Linux Capabilities
Mental Model
A commercial kitchen used to hand out one master key ring -- knives, cash register, liquor cabinet, chemical storage, walk-in freezer, all on the same ring. Any cook who needed the knife drawer got the liquor cabinet too. Now each cook carries individual labeled keys. Pastry chef: sugar and flour drawers. Line cook: knife drawer. Nobody gets the cash register key unless they actually handle money. The head chef can permanently confiscate a key, and once it is gone, no copy can be made. A cook might carry keys in a pocket (permitted), but only the key actively in a lock (effective) opens anything.
The Problem
Binding port 80 requires root, and root carries everything: mount filesystems, load kernel modules, read /etc/shadow, kill any process, reboot the machine -- 40+ capabilities at once. One nginx vulnerability with full root hands an attacker the entire host. Scale that to a 500-container cluster where every container starts as root, and the attack surface multiplies 500 times over. CVE-2019-5736 showed exactly what happens: a container process with CAP_SYS_ADMIN overwrote the host runc binary and escaped containment entirely.
Architecture
Why can ping send raw network packets without being root?
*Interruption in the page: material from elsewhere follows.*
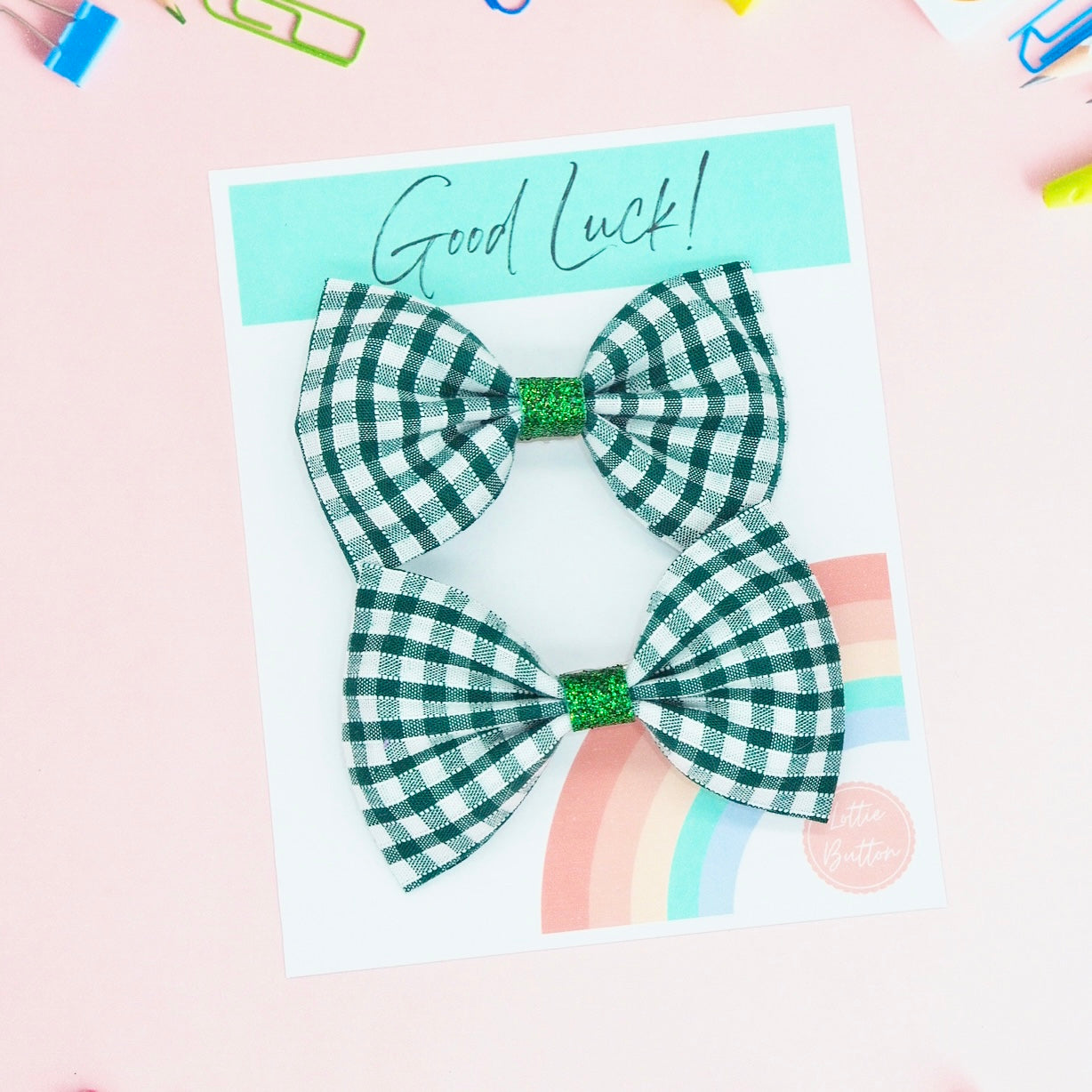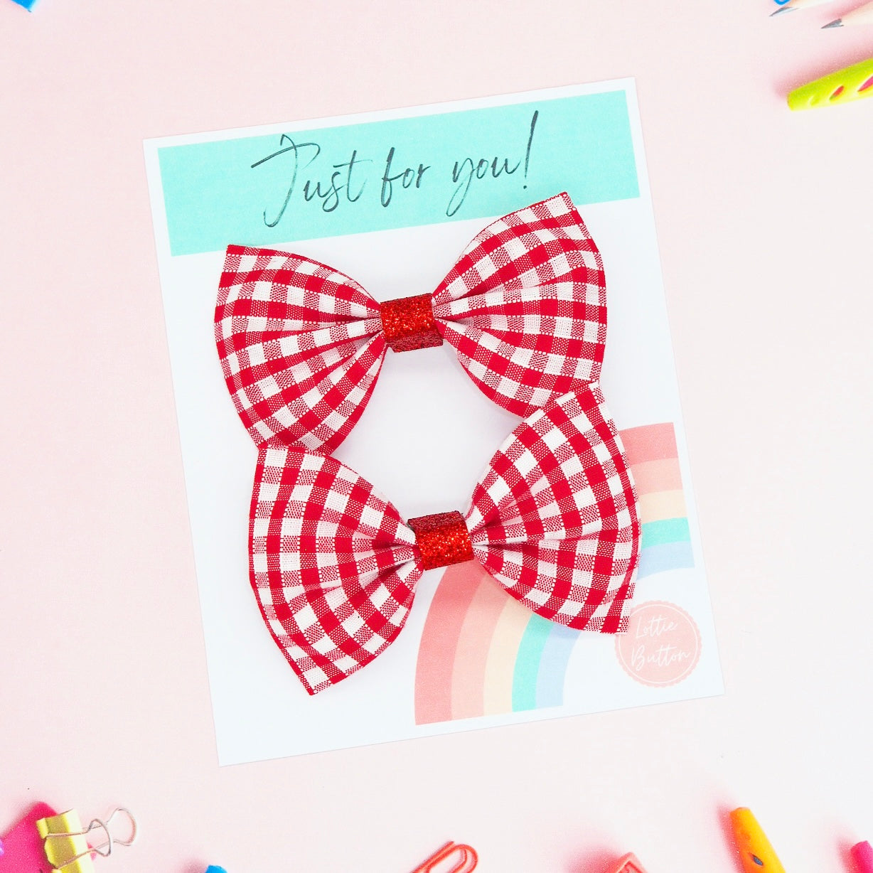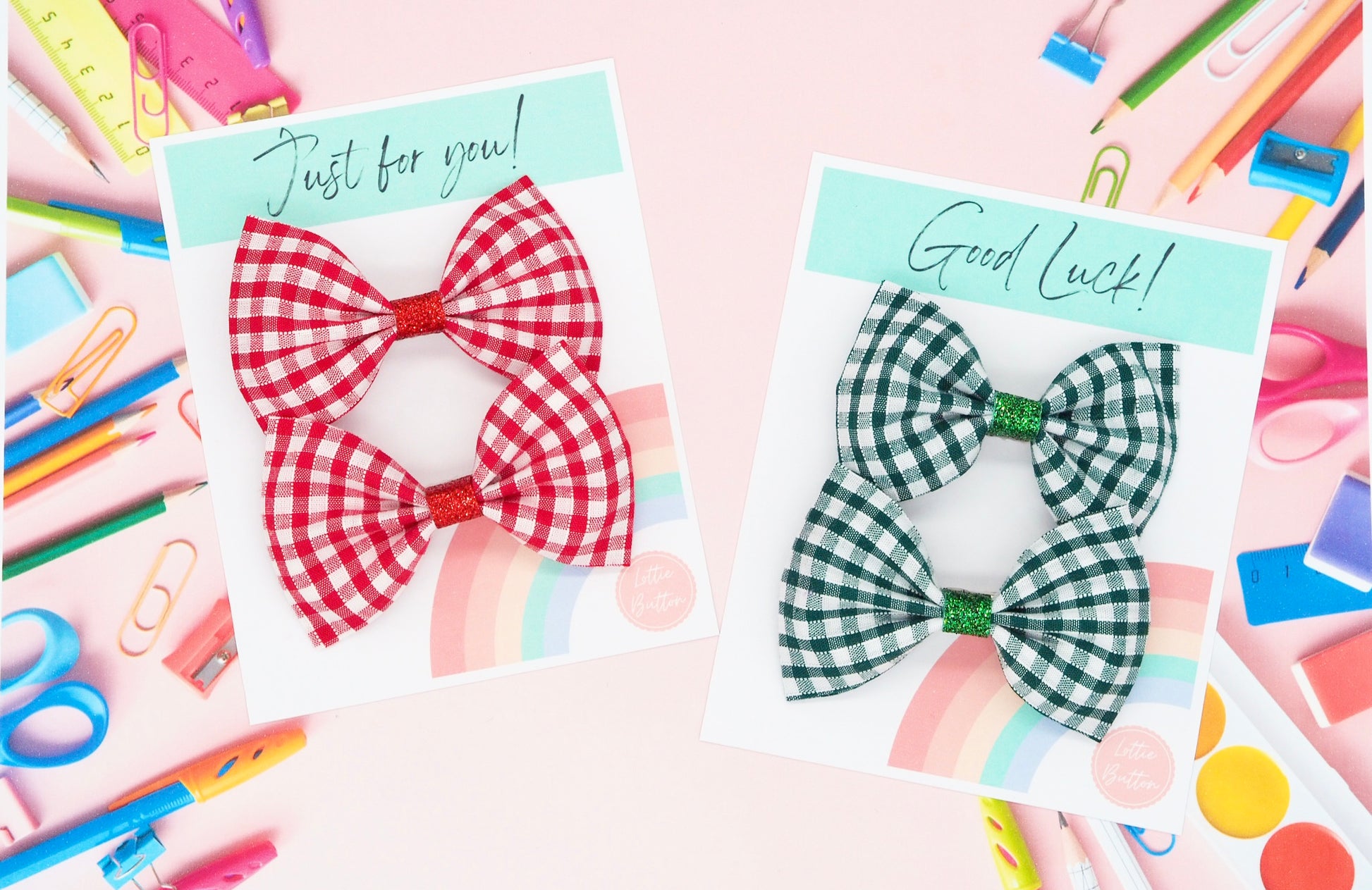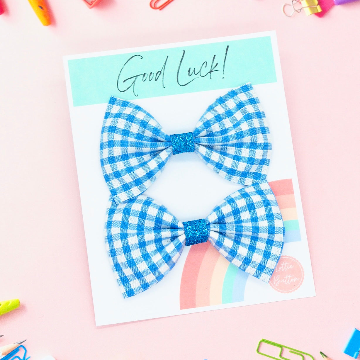 These gingham school bows are available in blue, red or green, they can be made on either alligator clips or hair bobbles and come presented on a backing card reading either 'Good Luck' or 'Just for you', please select which option you'd like when checking out.

Most engineers never question it. But raw sockets are a privileged operation. In the old days, ping was a setuid-root binary. It ran with full superuser privileges just to send ICMP packets. Full power to read every file, kill every process, reboot the machine -- all for a network diagnostic tool.
Capabilities changed this. Modern ping holds exactly one permission: CAP_NET_RAW. It can create raw sockets and nothing else. This is not a minor detail. It is the entire philosophy of Linux security since kernel 2.6.26.
What Actually Happens
Every thread in Linux has five capability sets. They interact in specific ways.
Permitted is the ceiling. It defines the maximum capabilities this thread can ever use. The permitted set can only shrink -- once a capability is dropped from it, it is gone forever for that thread.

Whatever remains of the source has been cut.